Looking ahead, Nickerson and her colleagues hope to continue exploring pathogenic microorganism behavior in spaceflight and terrestrial scenarios. Recently, Nickerson’s team conducted an experiment during space shuttle mission STS-135 in which a Salmonella-based anti-pneumococcal vaccine (for the prevention of pneumonia) developed by Biodesign Institute’s Center for Infectious Disease and Vaccinology was observed in-flight. By understanding gene expression in space, they hope to modify this and potentially other vaccines to enhance their protective properties on earth. This research has illuminated the inner workings of pathogenic cells through manipulation of gene expression and cellular mechanics by microgravity (or the condition of next to nothing gravitational force). It wasn’t until Nickerson’s spaceflight research, that certain behaviors of salmonella were observed.

Researchers estimate that around 94 million salmonella infections occur around the world each year, resulting in 155,000 deaths. Salmonella infection represents not only a useful vehicle for biomedical research concerning common genetic expression and cellular modularity using microgravity, but is a common, potentially fatal infection without a vaccine. It is estimated that the economic loss is $2 billion in the US alone resultant from salmonella-induced gastroenteritis.  

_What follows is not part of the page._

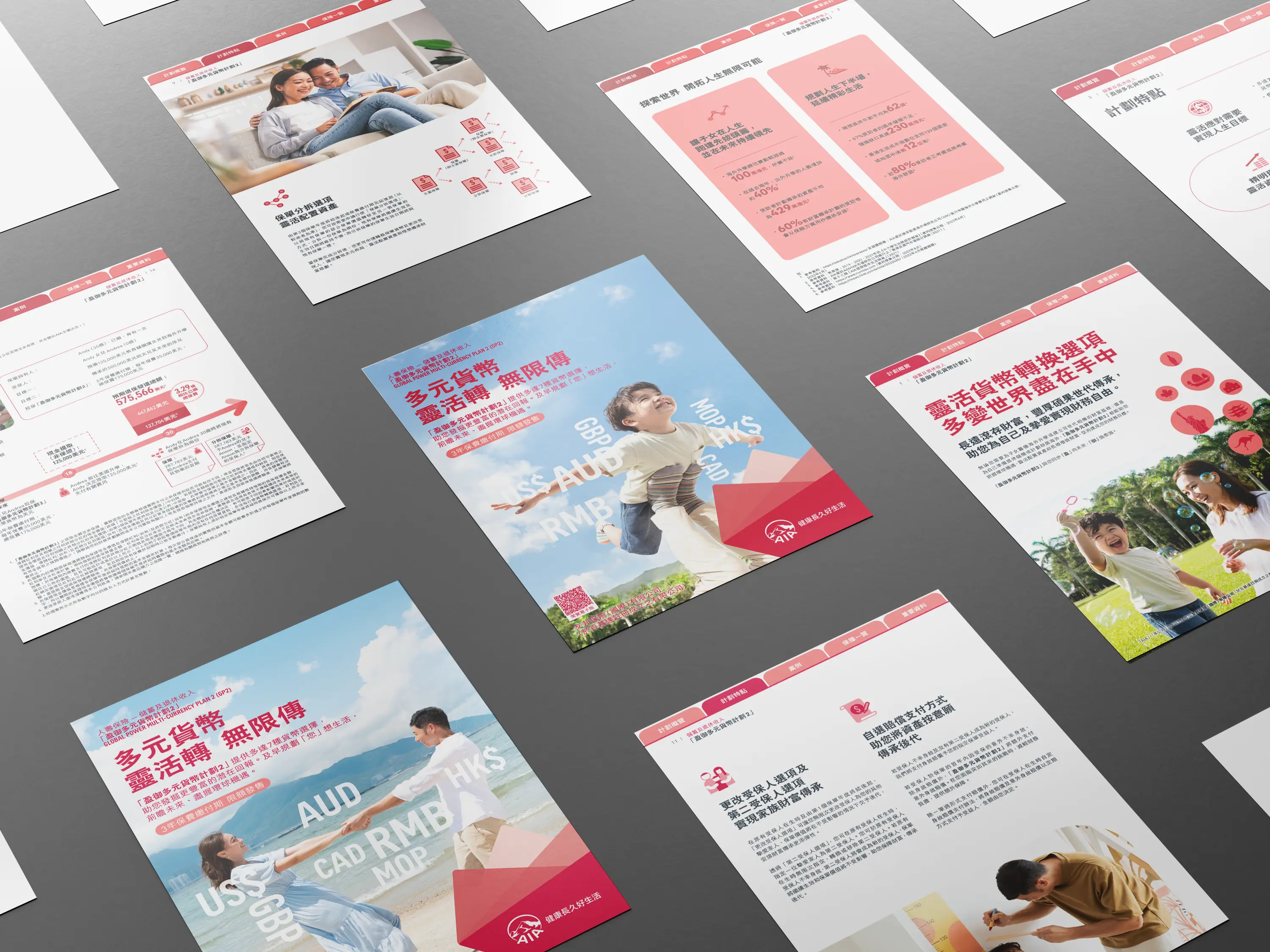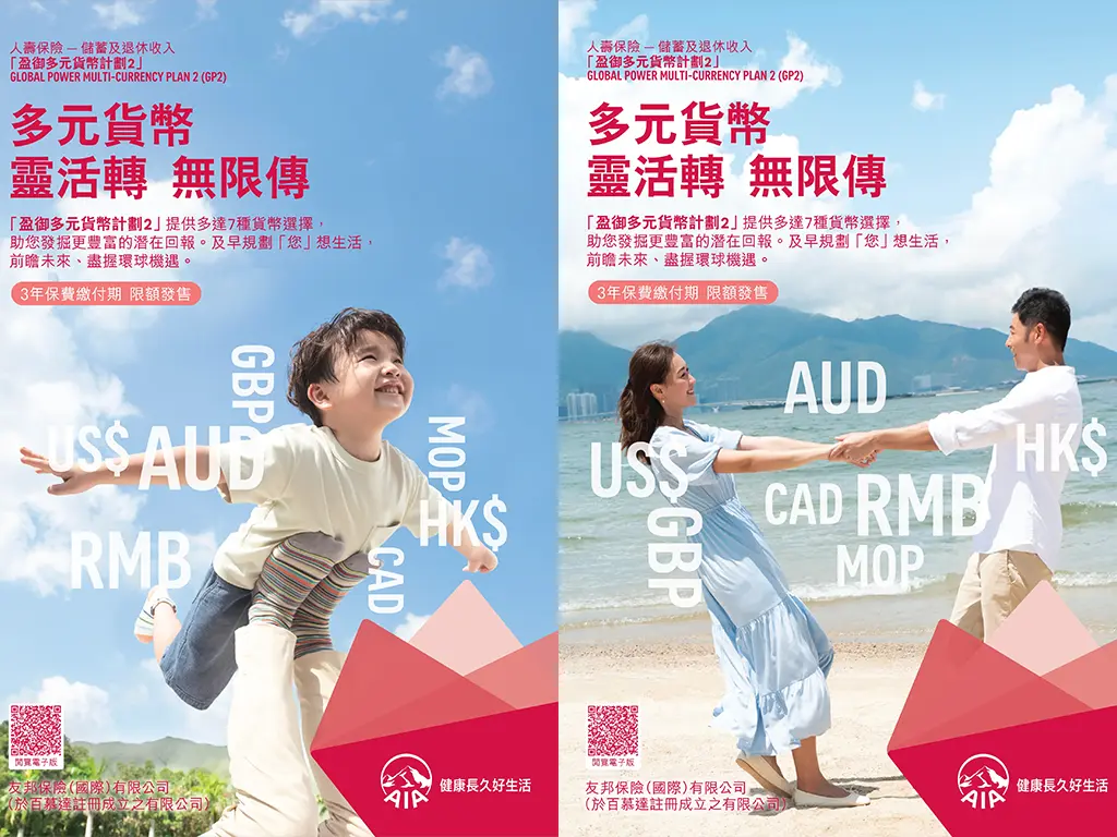 AIA's Global Power Multi-Currency Plan 2 branding aimed to create a cohesive yet flexible identity appealing to diverse audiences. It communicated financial benefits clearly to all life stages, from young couples to retirees, focusing on global investment opportunities, flexible asset allocation, and long-term wealth growth while ensuring demographic consistency.

Infection with salmonella bacteria can occur through contaminated food, water, or by contact with an infected animal. Symptoms include diarrhea, fever, and abdominal cramps 12 to 72 hours post-infection. Lasting four to seven days, the infection generally runs its course, with healthy individuals recovering without treatment. However, the infection may be more severe in vulnerable populations, such as the very young and the elderly. In some cases, the diarrhea can be so severe that hospitalization is needed. Without proper antibiotic treatment, the infection may spread from the intestines to the blood stream and other parts of the body in which case death can occur.

No vaccine is available, but simple preventative measures are effective. Fully cooking poultry, ground beef, and eggs, and not consuming unpasteurized milk is recommended. It is important to clean cooking surfaces and wash your hands with soap and water after coming in contact with raw meat or poultry. It is also important to wash after handling reptiles, birds, or animal feces.